If the value of the collateral falls below a set threshold, smart contracts automatically liquidate it, leading to the borrower losing their investment. More terribly, in DeFi lending, direct interaction between borrowers and lenders means no intermediary reduces counterparty risk.

What are the key differences between borrowing and lending? ›

'Lend' means to give something to someone to be used for a period of time and then returned. 'Borrow' means to take and use something that belongs to someone else for a period of time and then return it.

How risky is crypto lending? ›

One of the main risks is the volatility of the cryptocurrency market. If the value of the placed cryptocurrency drops significantly, borrowers may face margin calls, requiring them to provide more collateral or risk losing their assets. Another risk is the security of the lending platforms.

How do you borrow money from DeFi? ›

DeFi allows people to borrow cryptoassets from a pool of lenders. The lenders receive yield from the interest borrowers pay. If you are new to the idea of lending or borrowing in DeFi, please read the following article: What is crypto lending? To borrow, you'll first need to deposit funds into the protocol.

Why use DeFi? ›

With DeFi, you can do most of the things that banks support — earn interest, borrow, lend, buy insurance, trade derivatives, trade assets, and more — but it's faster and doesn't require paperwork or a third party.

What is a DeFi collateral loan? ›

Crypto borrowing in DeFi allows users to take loans in cryptocurrency or stablecoins using their digital assets as collateral. Unlike traditional finance, DeFi operates on decentralized platforms built on blockchain technology, eliminating the need for intermediaries such as banks.

What is a DeFi protocol for borrowing and lending? ›

DeFi lending and borrowing markets allow any user to borrow or lend digital assets via decentralized protocols governed by smart contracts, which determine interest rates, transaction amounts, repayment terms, and loan expiration dates. A lending and borrowing market relies on both lenders and borrowers.

What are two types of crypto lending? ›

There are two main types of crypto lending platforms: decentralized crypto lenders and centralized crypto lenders. Both offer access to high interest rates, sometimes up to 20% annual percentage yield (APY), and both typically require borrowers to deposit collateral to access a crypto loan.

What is DeFi lending vs staking? ›

Broadly, lending involves loaning funds to borrowers, while staking involves providing funds to a blockchain network.

What is the use case of DeFi lending? ›

Decentralized Borrowing and Lending

DeFi allows users to borrow and lend money without the use of a middleman. Borrowers can obtain loans without providing collateral or undergoing the traditional credit check process. By lending money to borrowers, lenders can earn interest on their money.

What is the main purpose of DeFi? ›

What Does Decentralized Finance Do? The goal of DeFi is to challenge the use of centralized financial institutions and third parties involved in all financial transactions.

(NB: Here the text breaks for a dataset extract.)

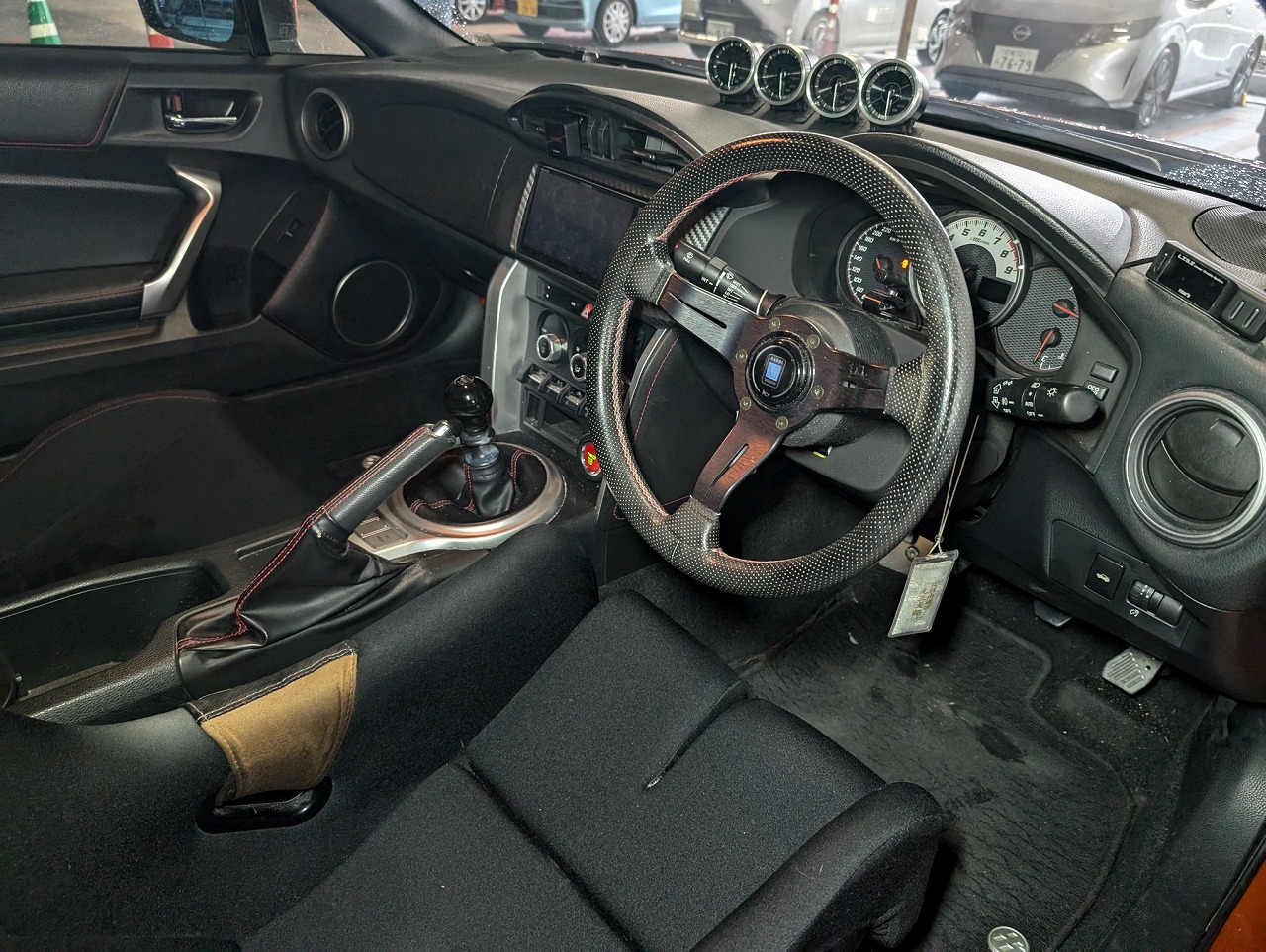 H27年式 86(ZN6) GT 6速マニュアル 走行8.3万㎞H27年式、走行8.3万㎞の1オーナー車の86(ZN6)の改造車です。エンジンはHKSのスーパーチャージャーキットを組んであり、HKS車高調で足回りを強化してあります。外装はキズなど少なくDirect86のエアロキット、アドバンGTビヨンドホイールを装着してあります。内装もブリッドのバケットシート、ナルディのステアリング、デフィの追加メーターが装着されています。バランスよくチューニング&ドレスアップした改造車のため高価買取できました。

How can banks benefit from DeFi? ›

Through DeFi platforms, users can access loans, savings, and investment opportunities without requiring a bank account or credit history. This expanded access challenges traditional banks to adapt their services to remain competitive.

How do you benefit from DeFi? ›

3. Yield Farming. Yield farming involves moving your funds between different DeFi protocols to take advantage of the highest yield opportunities. You can earn rewards, such as additional tokens or interest, by participating in liquidity provision, lending, or borrowing across various DeFi income platforms.